— Data extract —

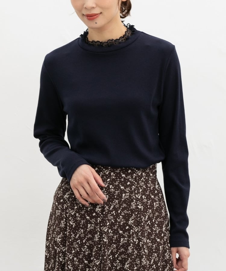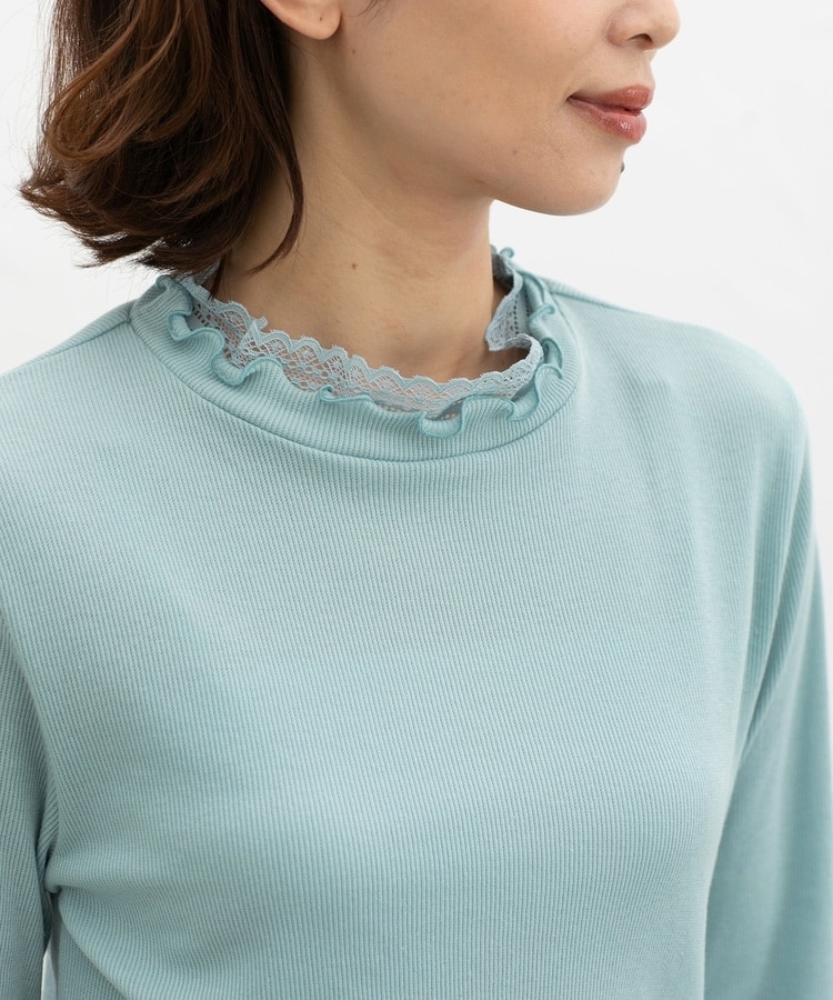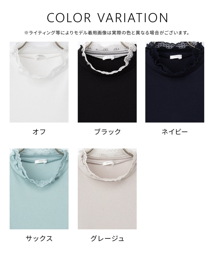 衿ぐりのレース使いがさりげなく華やかなデザイン。
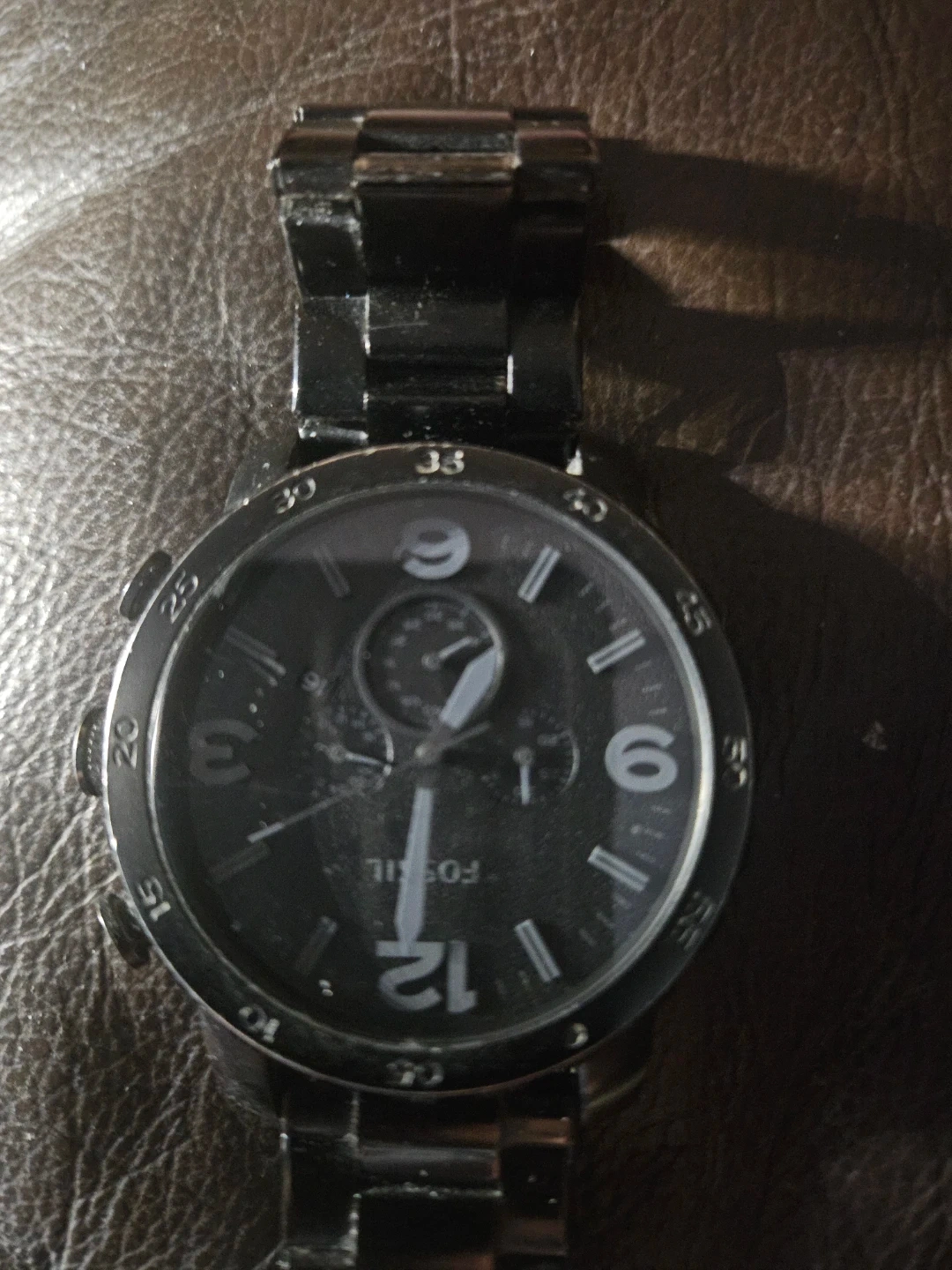 Selling a Fossil men's watch. It has a black metal band and face. It's in good condition, ready for a new wrist has a little scratch.
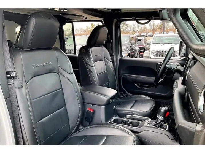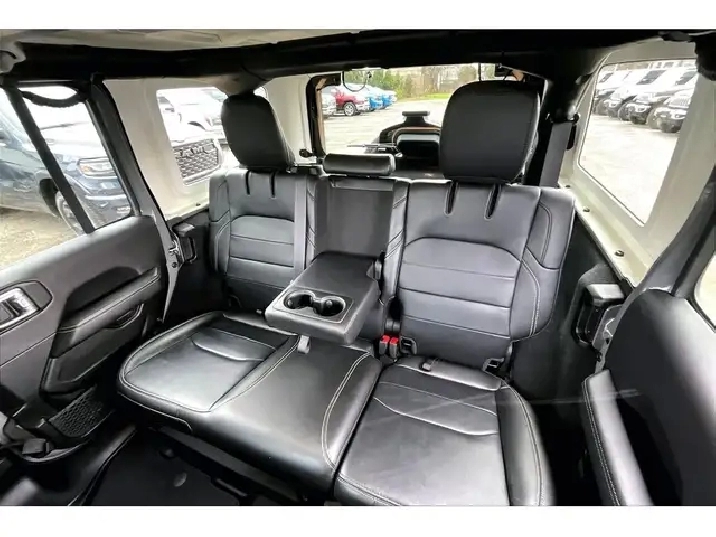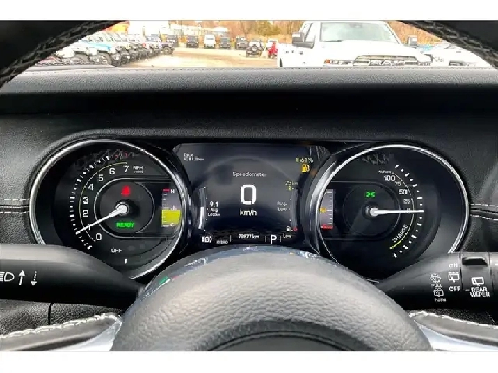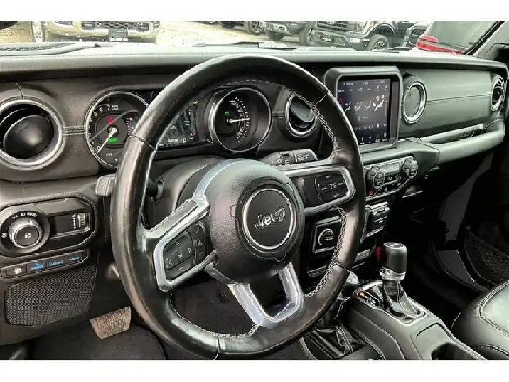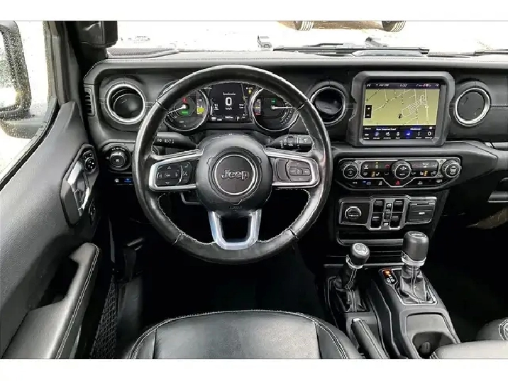 Charge into every day with comfort and quiet strength in this 2023 Jeep Wrangler Sahara 4xe, where heated leather bucket seats, a heated steering wheel, remote start, and a calm, well finished cabin make winter commutes and summer cruises easy. Uconnect on the 8.4 inch touchscreen with navigation pairs seamlessly with Apple CarPlay and Android Auto, Alpine premium audio keeps playlists crisp with the roof on or off, and the LED Lighting Group improves visibility after dark for added confidence. Outside, Sting Grey paint looks sharp against body colour fenders and a body colour three piece hard top, sturdy side steps simplify entry, and the 4xe plug in hybrid delivers instant electric torque for smooth, efficient city driving with gasoline range for long trips. The 4 to 1 Rock Trac full time 4WD system adds true trail control and year round traction. With One Owner Clean Carfax history, this Sahara 4xe blends luxury, technology, and authentic Jeep capability while saving at the pump.
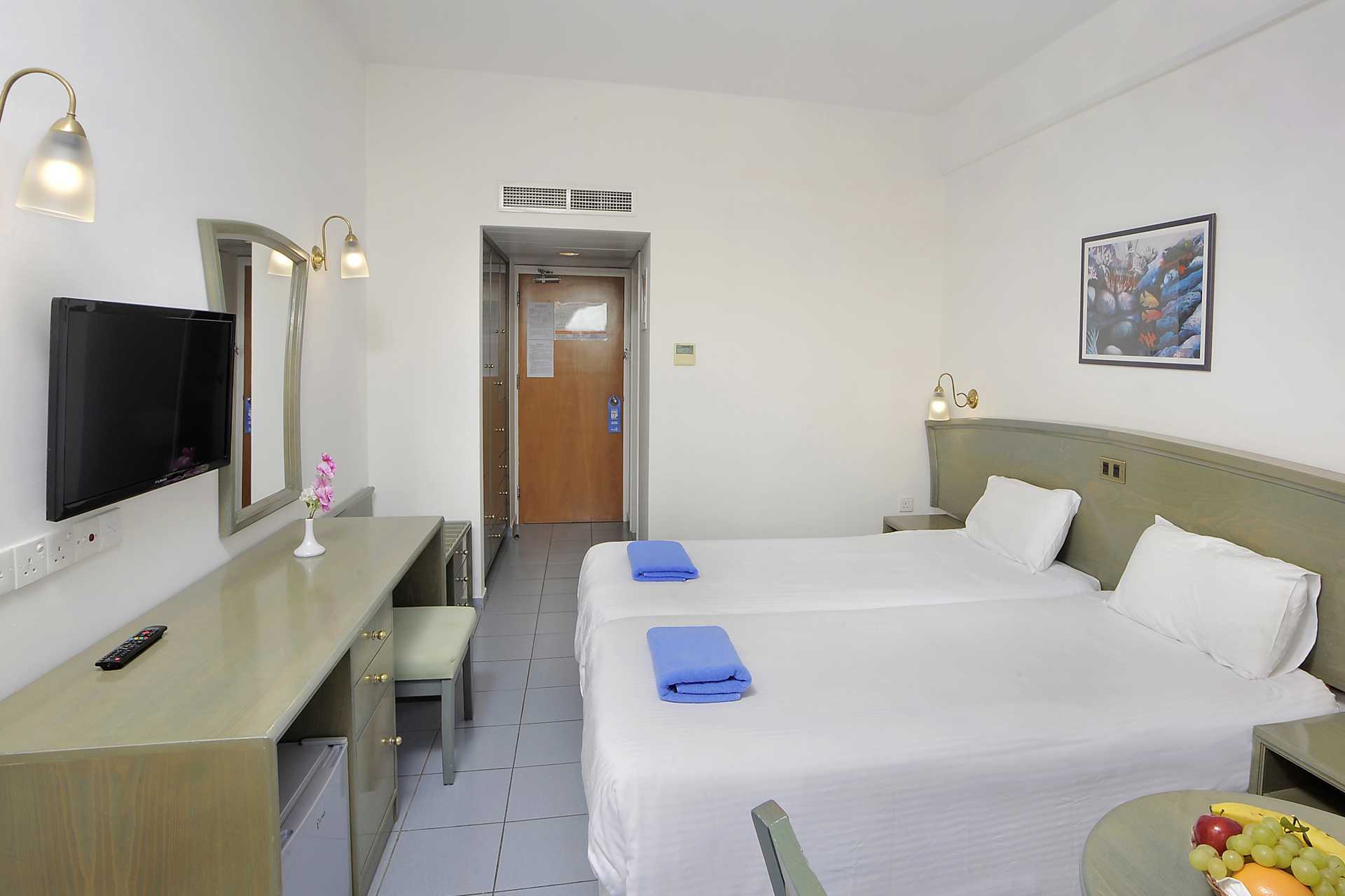 Dubbelrum med balkong, vissa med begränsad havsutsikt. Två enkelsängar. Möjlighet med extrabädd i enkelsäng. Observera att rummet kan kännas trångt när man bor tre personer i rummet. Luftkonditionering och deponering ingår. Kylskåp. Tv med internationella kanaler. Hårtork. Badrum med dusch samt wc. Städning 7 ggr/vecka. Barn under två år räknas in i maxantalet personer i rummet.

— Exercise brief —
Please retype the whole of the data precisely, omitting pictures.

— Exercise result —
 衿ぐりのレース使いがさりげなく華やかなデザイン。
 Selling a Fossil men's watch. It has a black metal band and face. It's in good condition, ready for a new wrist has a little scratch.
 Charge into every day with comfort and quiet strength in this 2023 Jeep Wrangler Sahara 4xe, where heated leather bucket seats, a heated steering wheel, remote start, and a calm, well finished cabin make winter commutes and summer cruises easy. Uconnect on the 8.4 inch touchscreen with navigation pairs seamlessly with Apple CarPlay and Android Auto, Alpine premium audio keeps playlists crisp with the roof on or off, and the LED Lighting Group improves visibility after dark for added confidence. Outside, Sting Grey paint looks sharp against body colour fenders and a body colour three piece hard top, sturdy side steps simplify entry, and the 4xe plug in hybrid delivers instant electric torque for smooth, efficient city driving with gasoline range for long trips. The 4 to 1 Rock Trac full time 4WD system adds true trail control and year round traction. With One Owner Clean Carfax history, this Sahara 4xe blends luxury, technology, and authentic Jeep capability while saving at the pump.
 Dubbelrum med balkong, vissa med begränsad havsutsikt. Två enkelsängar. Möjlighet med extrabädd i enkelsäng. Observera att rummet kan kännas trångt när man bor tre personer i rummet. Luftkonditionering och deponering ingår. Kylskåp. Tv med internationella kanaler. Hårtork. Badrum med dusch samt wc. Städning 7 ggr/vecka. Barn under två år räknas in i maxantalet personer i rummet.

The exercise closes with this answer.